Effect of aging, caloric restriction, and uncoupling protein 3 (UCP3) on mitochondrial proton leak in mice

Abstract

Mitochondrial proton leak may modulate reactive oxygen species (ROS) production and play a role in aging. The purpose of this study was to determine proton leak across the life span in skeletal mitochondria from calorie-restricted and UCP2/3 overexpressing mice. Proton leak in isolated mitochondria and markers of oxidative stress in whole tissue were measured in female C57BL/6J mice fed ad-libitum (WT-Control) or a 30% calorie-restricted (WT-CR) diet, and in mice overexpressing UCP2 and UCP3 (Positive-TG), their non-overexpressing littermates (Negative-TG) and UCP3 knockout mice (UCP3KO). Proton leak in WT-CR mice was lower than that of control mice at 8 and 26 months of age. The Positive-TG mice had greater proton leak than the Negative-TG and UCP3KO mice at 8 months of age, but this difference disappeared by 19 and 26 months. Lipid peroxidation was generally lower in WT-CR vs. WT-Control mice and UCP3KO mice had greater concentrations of T-BARS (thiobarbituric acid reactive substances, a measure of lipid peroxidation) than did Positive-TG and Negative-TG. The results of this study indicate that sustained increases in muscle mitochondrial proton leak are not responsible for alterations in life span with calorie restriction or UCP3 overexpression in mice. However, UCP3 may contribute to the actions of CR through mechanisms distinct from increasing basal proton leak.

Figure 1

Proton leak kinetics in muscle mitochondria isolated from mice that overexpress UCP2/3 (Positive-TG), the non-overexpressing littermates of these mice (Negative-TG) and mice that do not have the gene for UCP3 (UCP3KO) at 8- (A), 19- (B), and 26- (C) months of age.

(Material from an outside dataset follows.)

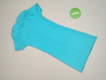 Sukienka damska bez wzorów, kolor turkusowy. - Krój prosty, długość przed kolano. - Okrągły dekolt. - Rękawy krótkie z falbankami. - Rozmiar z metki: L. - Materiał: 100% poliester (informacja na me...

The furthermost point on the right represents maximal leak-dependent oxygen consumption and was determined by addition of saturating amounts of oligomycin. Kinetic responses of proton leak block were determined by incremental additions of malonate (0.16–1.25 mM) to the mitochondria at State 4. Each point represents the mean ± SE; n = 8 mice/group.

Figure 2

Proton leak kinetics in muscle mitochondria isolated from mice fed ad-libitum (WT-Control) or calorie restricted to 70% of ad-libitum fed mice (WT-CR) at 8- (A), 19- (B), and 26- (C) months of age. The furthermost point on the right represents maximal leak-dependent oxygen consumption and determined by addition of saturating amounts of oligomycin. Kinetic response of proton leak block was determined by incremental additions of malonate (0.16–1.25 mM) to the mitochondria at State 4. Each point represents the mean ± SE; n = 8 mice/group.

Figure 3

Proton leak kinetics in muscle mitochondria isolated from mice that have been calorie restricted to 70% of ad-libitum fed mice at 8-, 19-, 26- and 30-months of age. The furthermost point on the right represents maximal leak-dependent oxygen consumption and determined by addition of saturating amounts of oligomycin. Kinetic response of proton leak block was determined by incremental additions of malonate (0.16–1.25 mM) to the mitochondria at State 4. Each point represents the mean ±SE; n = 8 mice/group.

Figure 4

T-BARSs, and protein carbonyl concentration in lower hind limb muscle of gene-manipulated mice, ad-libitum fed and calorie restricted C57BL/6J mice. Within a strain (C57BL/6J or Genetically Altered) and group (WT-Control or WT-CR; Positive-TG, Negative-TG, or UCP3KO), bars sharing or not having an upper case letter do not differ significantly (i.e., age differences). Within a strain (C57BL/6J or Genetically Altered) and age, bars sharing or not having an lower case letter do not differ significantly (i.e., group difference). MDA, malonidaldehyde. Positive-TG, overexpression of UCP2/3; Negative-TG, non-overxpression littermates of Positive-TG; UCP3KO, UCP3 knockout mice; WT-Control, ad libitum fed C57BL/6J; WT-CR, calorie restricted C57BL/6J.